The basis for the FT's take on the conference is this: In return for agreeing to extend the Kyoto commitment period (but apparently without being very specific about what that means), Europe obtained a general pledge to work toward reaching, no later than 2015, a universally binding agreement containing carbon cuts and targets. But that pledge--in contrast to the "supercommittee" mechanism established earlier this year during the U.S. budget crisis--contains no explicit penalties if agreement is not reached by 2015. A meaningful outcome will depend on how much diplomatic power Europe can wield in the next years--and what penalties it can impose on the recalcitrant big carbon emitters if they refuse to get serious.

From that point of view, if you are among those who consider it important to reach a binding world agreement to guard against the risks associated with ongoing climate change, perhaps the really promising development of the last week was what happened in Europe itself, not in South Africa: Of the European Union's 27 members, 26 agreed on treaty revisions that will impose greater fiscal discipline and enable more effective joint fiscal policy. That agreement, which left the UK on the sidelines, has been universally interpreted as a major milestone in the direction of making the EU an entity that can act as a state not only in monetary and now fiscal affairs, but ultimately in diplomatic and military matters as well.

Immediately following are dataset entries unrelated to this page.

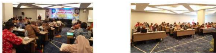
Gambar 3 sosialisasi dan pelatihan pelayanan Masyarakat publik berbasis online tahun 2021 Tabel 3 jumlah peserta sosialisasi dan pelatihan pelayanan masyarakat publik berbasis online

Kebijakan public dapat dilakukan dengan baik akan menjadi efektif jika terjadi komunikasi yang baik antara pelaksana kebijakan dan pemangku kepentingan. Program tersebut perlu di sampaikan dengan baik agar pelaku sasaran dapat memahami serta mengetahui tujuan dari program tersebut. Terkait penyampaian pelaksanaan program website Plavon ini di Pemerintah Desa Larangan dilakukan oleh kepala Desa, dari pihak Dukcapil, Dari pemerintah Kabupaten juga tentunya beserta staff Pemerintah Desa Larangan lainnya. Sosialisasi ini dilakukan untuk menyalurkan informasi dan juga pelatihan pelayanan masyarakat berbasis online yang disampaikan secara langsung di Hotel Luminor pada tanggal 20 oktober 2021 pada jam 09.00-16.00, dan jumlah peserta yang mengikuti sosialisasi tersebut berjumlah 100 orang.
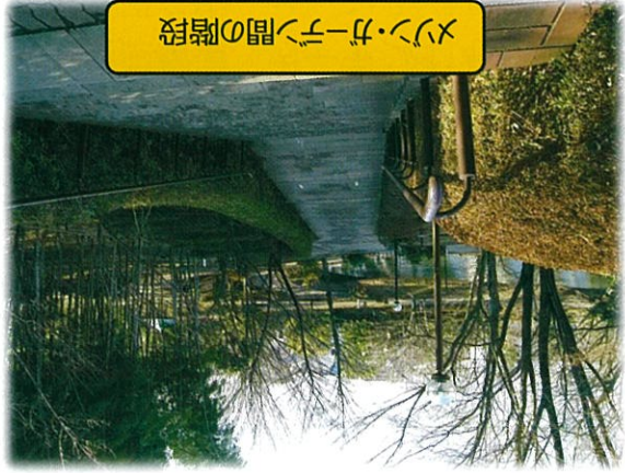
ミン・ガーデン間の階段
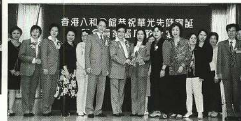
朗暉粵劇團投「測版」
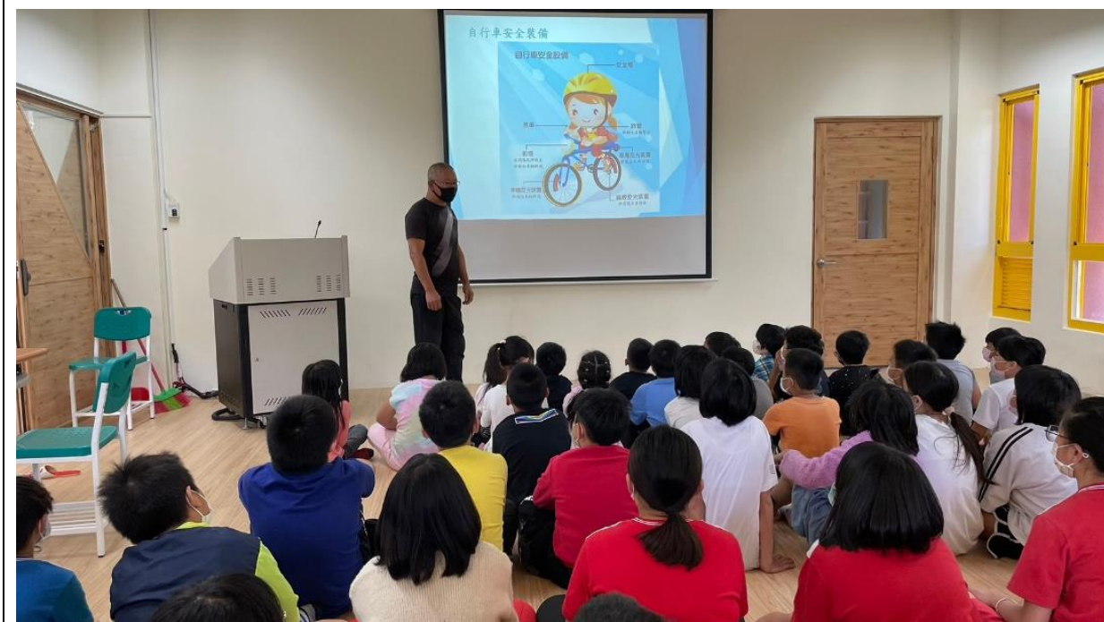
說明：11/21 自行車安全宣導。
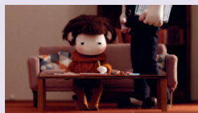
Salomé , film de fin d'études, 2019
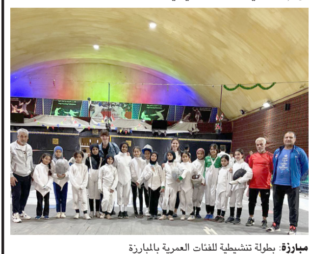
مبارزة: بطولة تنشطية لفئات العمرية بالمبارزة

بغداد-الزمان في إطار مهامه الرياضية، وبدعم من اللجنة الأولمبية الوطنية العراقية، نظم الإتحاد العراقي للمبارزة والخماسي الحديث تصفيات تنشطية، بمشاركة كبيرة من اللاعبين واللاعبات من مختلف الفئات العمرية، وإستمرت ليوم واحد، وتضمنت البرنامج المنافسات على الأسلحة الثلاثة سلاح الشيش والسيف العربي وسيف المبارزة، بهدف تطوير مهارات اللاعبين، وتوسيع قاعدة المشاركة. وأقيمت التصفيات بالتعاون مع أكاديمية بغداد والمركز التدريبي لرياضة المبارزة، حيث أشاد الإتحاد بالمشاركة الفاعلة التي ساهمت في نجاح الفعاليات. وأكد الإتحاد العراقي للمبارزة أن التصفيات التنشطية
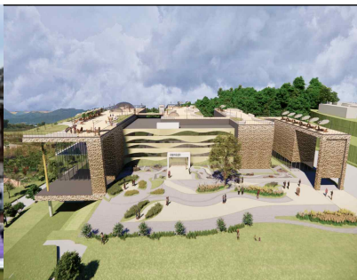
< 갯벌 치유센터 조감도 >
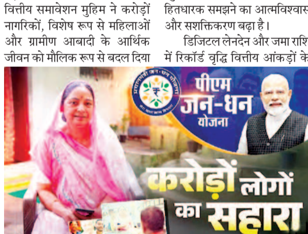
पीएम जन-धन योजना करोड़ों लोगों का सहारा
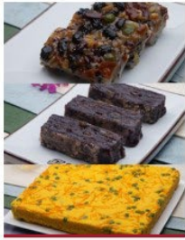
인기 3종 세트
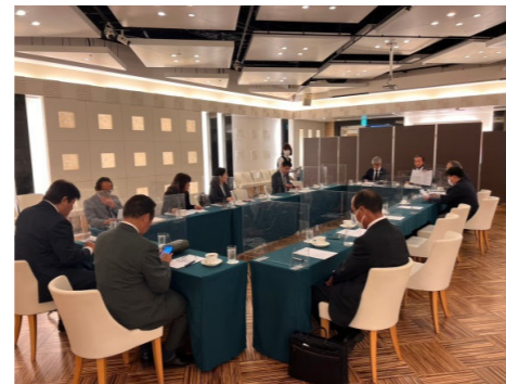
クラブ協議会の様子
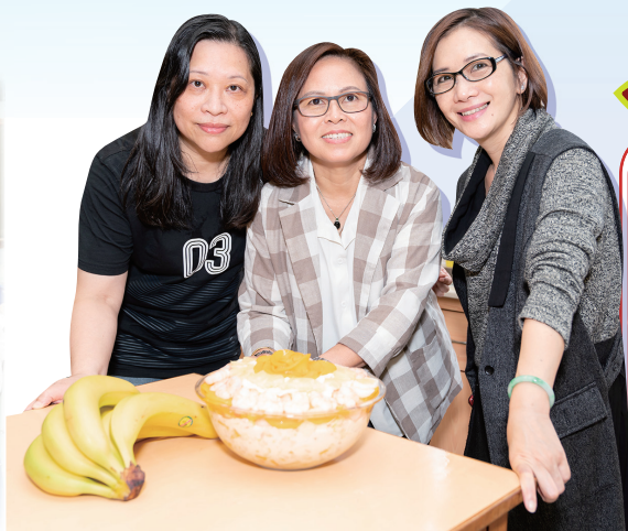
家長們的巧手製作出美味的甜品
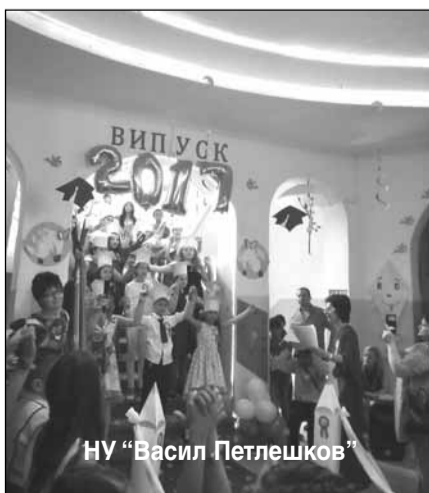
НУ „Васил Петлешков“
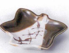
ミ097-12 織部芦楓皿 11.5×11.5×2.6cm 780円
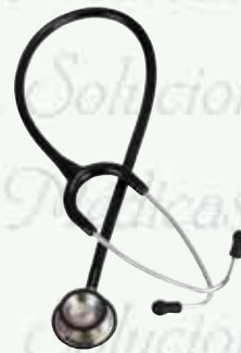
Estetoscopio pediátrico dúplex HomeCare HC-HC-800
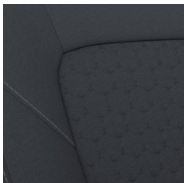
Tamsios spalvos tekstilīnīai sēdviņapmušalai
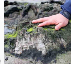
Un tocón de alerce tal como se ve actualmente.

El lugar se encuentra en un estado de conservación delicado, ya que no solo tiene que soportar el paso de las olas y las mareas, sino que también la destrucción del hombre, que incluso pasa con vehículos al lugar, cuenta la
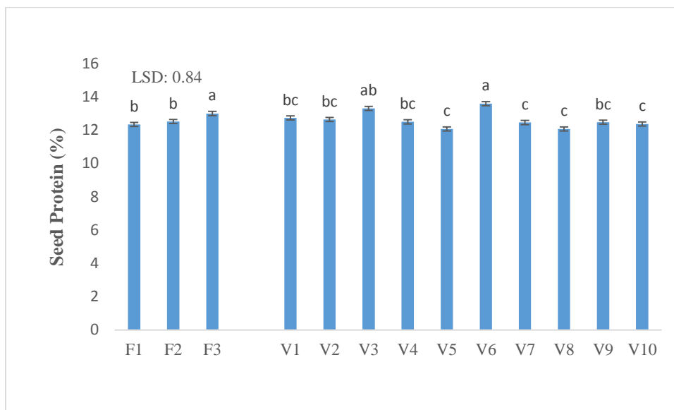
شکل ۱- اثر منابع تأمین نیتروژن بر مقدار پروتئین دانه ارقام گندم
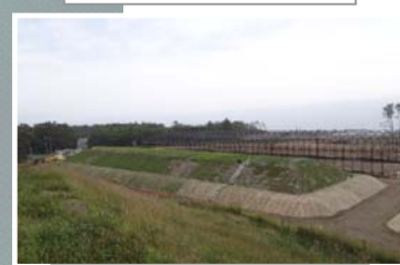
覆土式一時保管施設
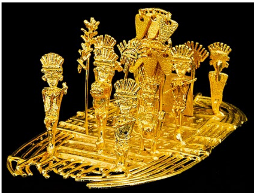
«Le Radeau Muisca», représentant la cérémonie sacrée «El Dorado», Musée de l'Or de Bogotá, Colombie

En rapport direct avec notre galerie, nous avons aussi le peuple Muisca qui constitue l'une des plus importantes communautés indigènes précolombiennes de la région de Bogotá, installée depuis le VI e siècle av. J-C. Le terme «Muisca» a pour signification «homme», «personne» ou «gens».
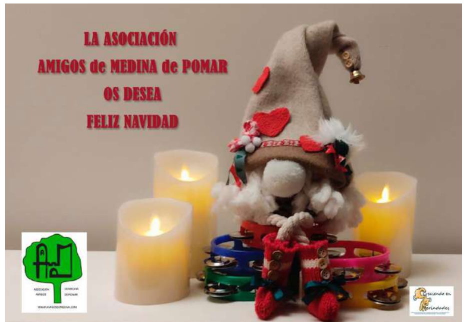
Felicitación navideña elaborada en colaboración con la Asociación Creciendo en Merindades

Celebrar la Navidad, para los que creemos en Jesús de Nazaret como el Hijo de Dios encarnado, es celebrar la ESPERANZA. Son muchas las personas, incluso pueblos, que han perdido la esperanza. Seguramente tengan motivos para ello, porque las guerras, la violencia, las injusticias, los sufrimientos provocados por los humanos, pueden llevar a la desesperación; sin embargo, poder celebrar un año más la Navidad significa, -más allá de las reuniones de amigos y familiares-, poner la confianza en el Dios de Jesucristo que es Dios de la Vida para todos, y que no sólo nos promete la vida eterna, sino que además ofrece la posibilidad de cambiar, de sanar corazones, de reconciliar, de instaurar unas relaciones más fraternas en este mundo dividido por las discordias y los egoísmos.
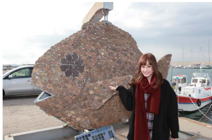
鬼崎フィッシャリーナにある巨大な魚!?2,000匹の魚が使用されています!!
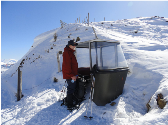
Am Sattel die Militär Sesselbahn
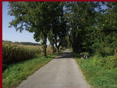
Bicikliút a fasorban
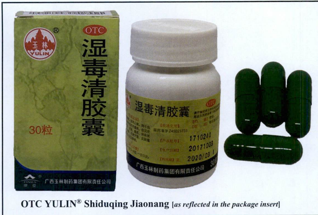
Larawan 2. Hindi rehistradong gamot
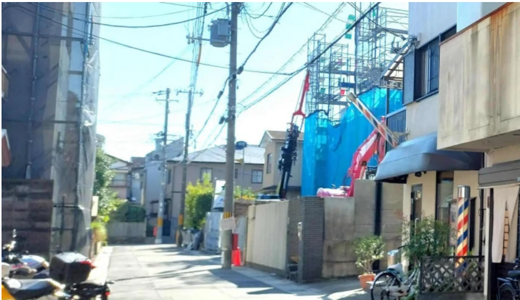
Ken gyu(けんぎゅう) コメント
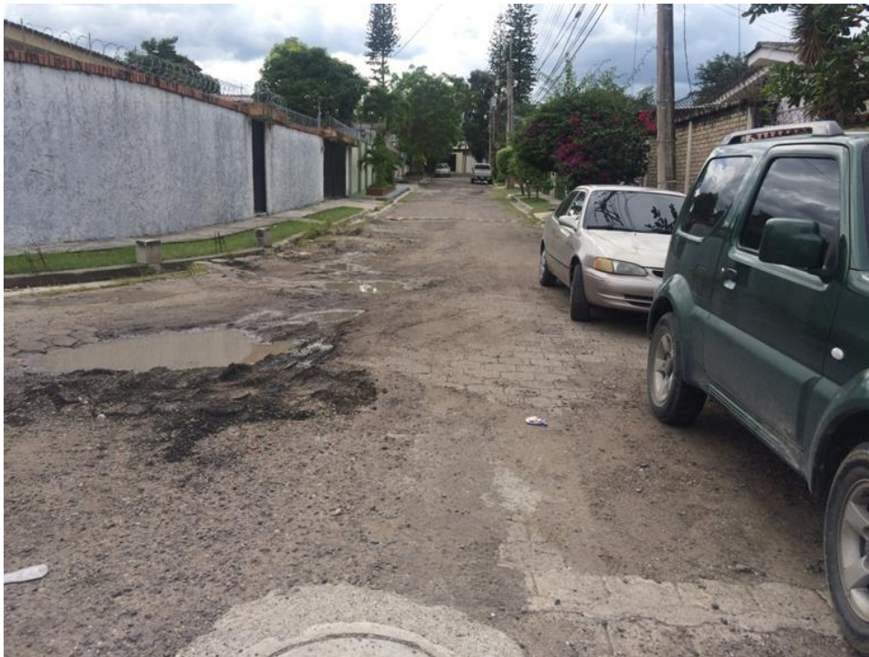
VISTA PANORAMICA DE CALLE A PAVIMENTAR
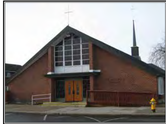
La Iglesia St. Aloysius en Toppenish

"Todos están dispuestos a hacer lo que sea necesario," dijo ella. "Eso hace que la iglesia sea maravillosa, una bella iglesia."
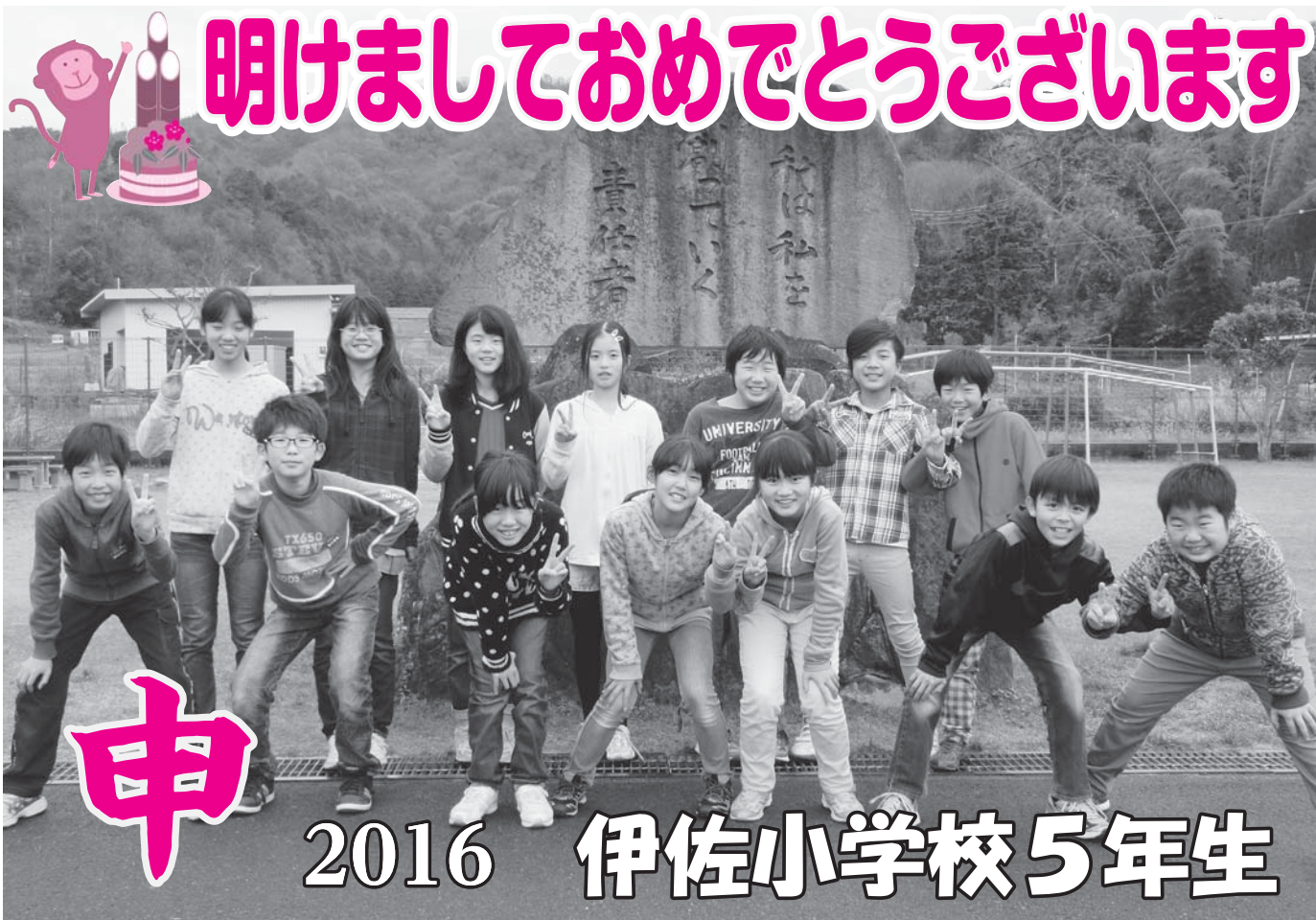
▲輝く笑顔を見せる伊佐小学校5年生。学級目標に「スクラム」を掲げ、みんなで手を取り合い一致団結して様々なことに挑戦していきます (=平成27年12月15日、伊佐小学校)

編集発行 / 社会福祉法人養父市社会福祉協議会 〒667-0022 養父市八鹿町下網場320 (地域交流センター「福祉の杜」) 平成28年1月15日発行 ■電話 (079) 662-0160 ■FAX (079) 662-0161 ■E-Mail yabu-shakyo@fureai-net.tv ■ホームページ http://www.yabu-shakyo.jp/
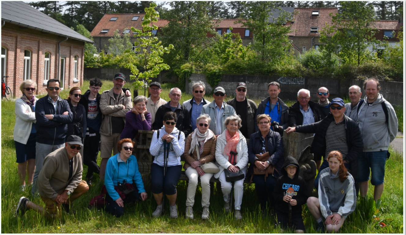
Groepsfoto van onze Nikei spelers in het Vloethemveld
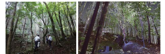
3Dスキャナによるカエデのデータ取得例 (左：イタヤカエデ写真画像、右：3Dスキャナによるデジタル画像)

カエデの1本ごとの位置情報、直径や樹高といった個体情報、毎年の樹液産出量、ユーザ情報などさまざまな情報の整備によって、身近にカエデの森林を把握することができるようになります。例えば、樹木の里親制度のようにユーザと組合が協力して、カエデの森を管理し、活用していくことができます。
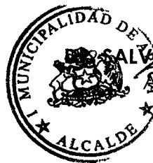
SALVADOR URRUTIA CARDENAS ALCALDE DE ARICA
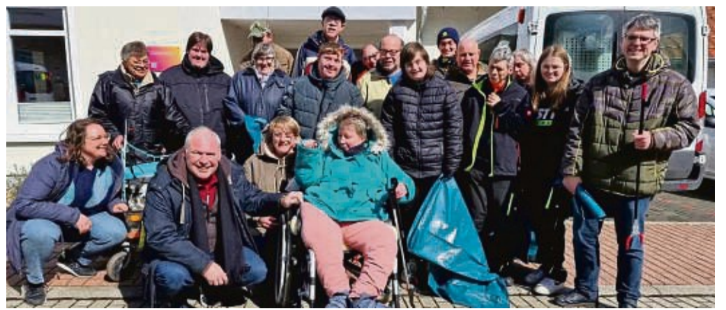
Die Teilnehmer des Klimatages der Viva-Stiftung.

Ziegler danke den Betreuern im Namen der Kunden, dass sie den Klimatag ermöglicht haben.
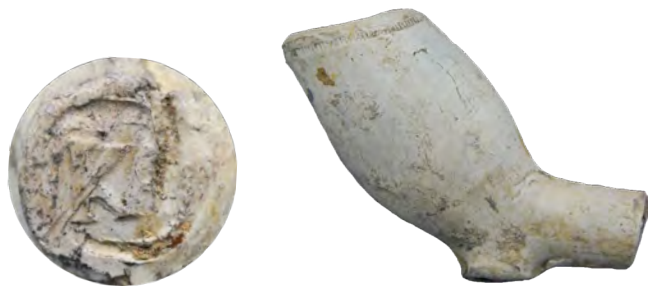
Afb. 80a-b. Hielmerk KA. Circa 1640-1670.
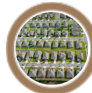
Aidiyet ve kişisel gelişim
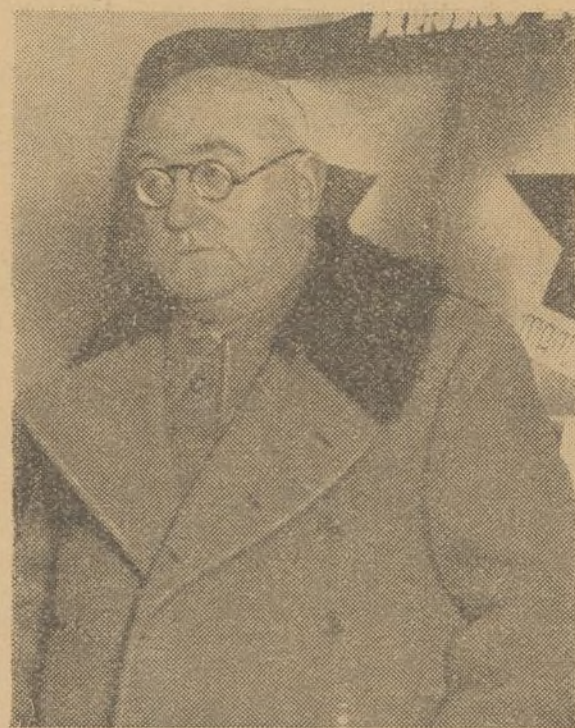
El general Miaja, jefe del Ejército del Centro, para quien pedimos la Gran Cruz Laureada
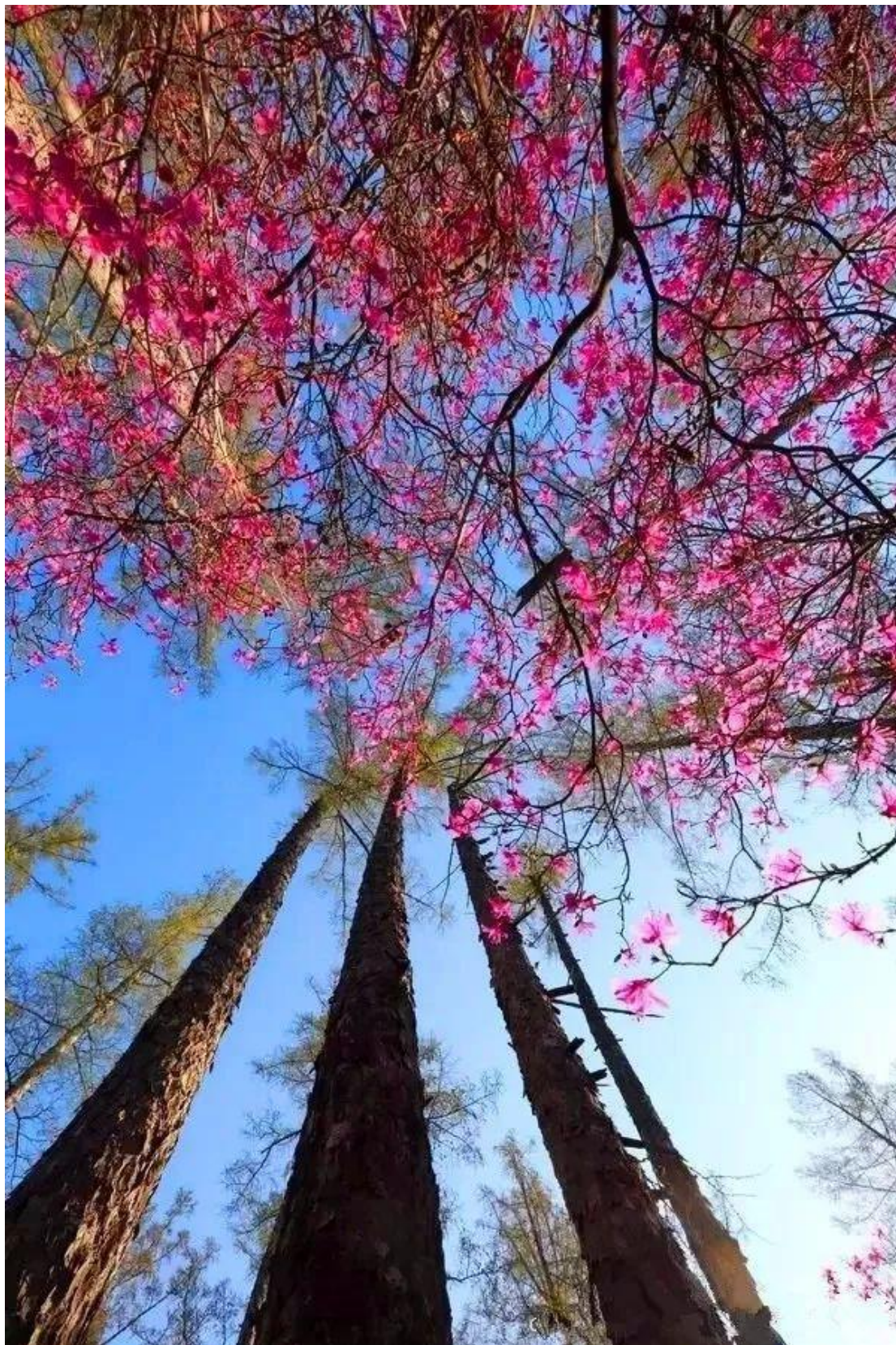
地址：伊春市红星区红星林业局大平台施业区

That said, the world coalition consisting basically of Europe and the small countries most immediately threatened by climate change remains weak and outnumbered by those that consider aggressive carbon reduction a threat to economic growth. The smart money is betting, accordingly, that Europe will fail. “The reality is that there is no more agreement on the future of the climate talks than there was when negotiators first convened two weeks ago," Michael A. Levi of the U.S. Council on Foreign Relations told The New York Times. “Europe will continue to insist on a full-blown legally binding agreement; China and India will continue to oppose one; and the United States, while leaving the door open to an agreement that is binding for all, will continue to be unenthusiastic as well. These positions are largely rooted in incompatible views of the future, and there is no reason to believe that more talking will change them.”

Comparing how the results of the Durban conference with the reception the Copenhagen Accord got two years, the contrast is telling. Within hours of the time the Copenhagen agreement was reached, every major environmental organization in the world posted its interpretation of the accord; it was leading news in all the world's major newspapers the next day. Today, the websites maintained by the major environmental organizations were mostly silent about Durban (though NRDC's was an exception). The Durban outcome got no mention whatsoever on the front page of The New York Times.